▶ **WHAT TO DO**: From the listing that follows, output everything exactly except the pictures.

▶ **STUDY MATERIAL**:
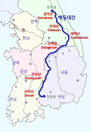 According to several texts of the Jeonggamnok, the sipseungji 十勝地 are ten places where you can live in peace and take refuge from hunger and war. Here the names of nowadays are from the Chosun Ilbo, and the comments from the Nam Sago Secret as translated by Jorgensen.[33] The blue line is 백두대간, Baekdu-daegan, the largest and longest mountain range on the Korean Peninsula from Mt. Baekdu to Mt. Jirisan.
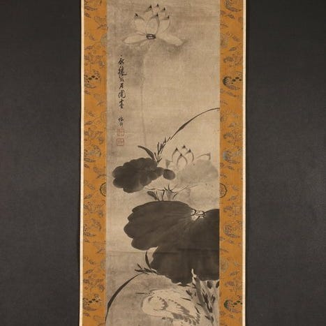 Meget fint sumi-e-maleri "Serene village in mountains", signeret – inklusive ...
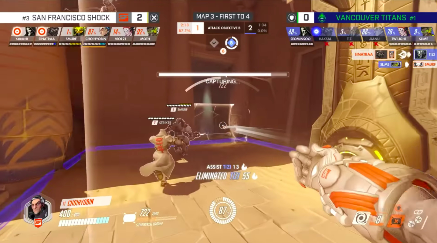 The next game took place on Eichenwalde, and this is where the Sigma-Orisa meta really shined. Orisa and Sigma players worked together here, spitting out barriers while Shock's Architect played as Bastion to tear them all down.
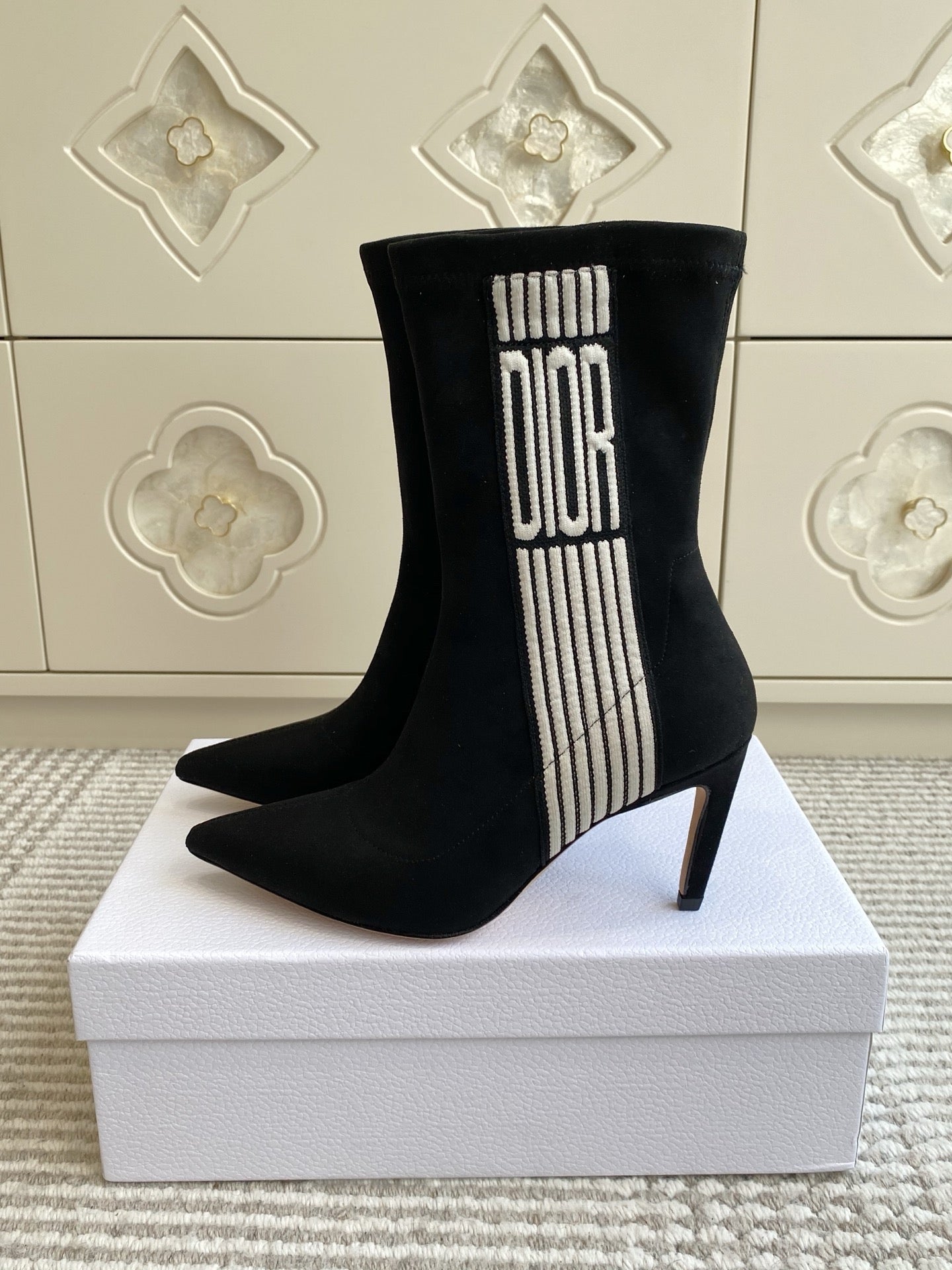 Dior 2025 Tribales Heeled Ankle Boot 80mm Black White Suede 501194
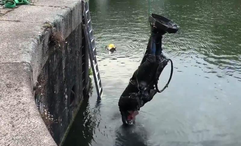 Het beeld van Colston is uit het water gehaald en naar een museum gebracht. Daar wordt het tentoongesteld naast Black Lives Matter-aanplakbiljetten.
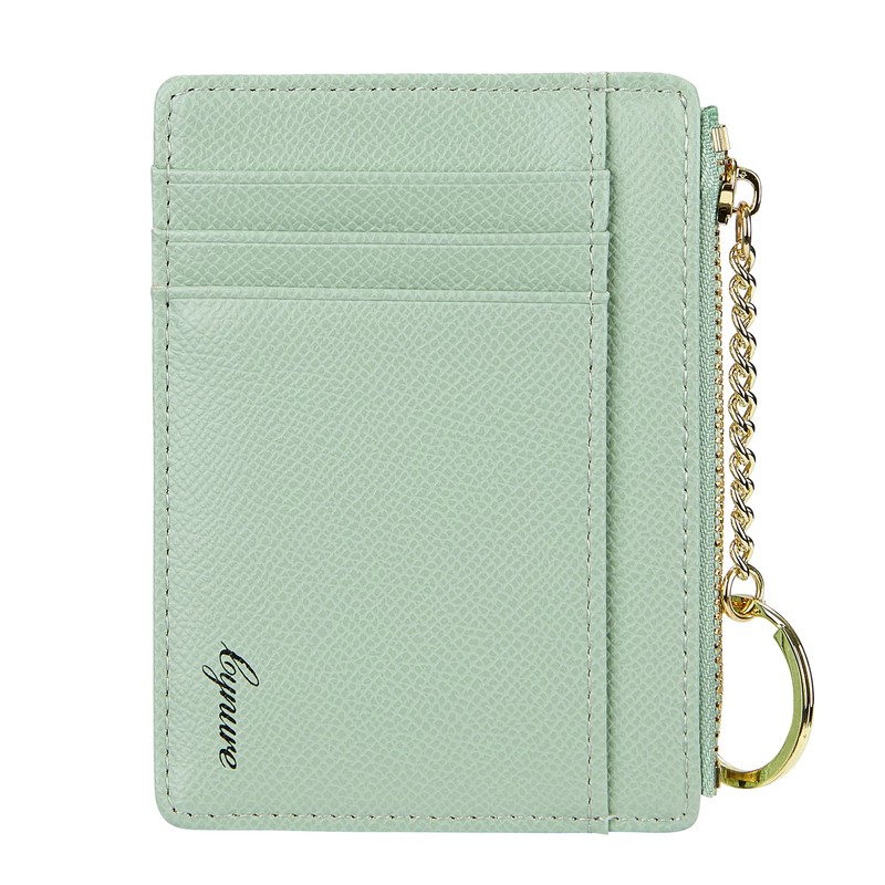 Cynure Women's Card Holder Coin Changes Purse Keyring with ID Window, Green-id, Minimalist

▶ **SOLUTION FOR THIS PROBLEM**:
 According to several texts of the Jeonggamnok, the sipseungji 十勝地 are ten places where you can live in peace and take refuge from hunger and war. Here the names of nowadays are from the Chosun Ilbo, and the comments from the Nam Sago Secret as translated by Jorgensen.[33] The blue line is 백두대간, Baekdu-daegan, the largest and longest mountain range on the Korean Peninsula from Mt. Baekdu to Mt. Jirisan.
 Meget fint sumi-e-maleri "Serene village in mountains", signeret – inklusive ...
 The next game took place on Eichenwalde, and this is where the Sigma-Orisa meta really shined. Orisa and Sigma players worked together here, spitting out barriers while Shock's Architect played as Bastion to tear them all down.
 Dior 2025 Tribales Heeled Ankle Boot 80mm Black White Suede 501194
 Het beeld van Colston is uit het water gehaald en naar een museum gebracht. Daar wordt het tentoongesteld naast Black Lives Matter-aanplakbiljetten.
 Cynure Women's Card Holder Coin Changes Purse Keyring with ID Window, Green-id, Minimalist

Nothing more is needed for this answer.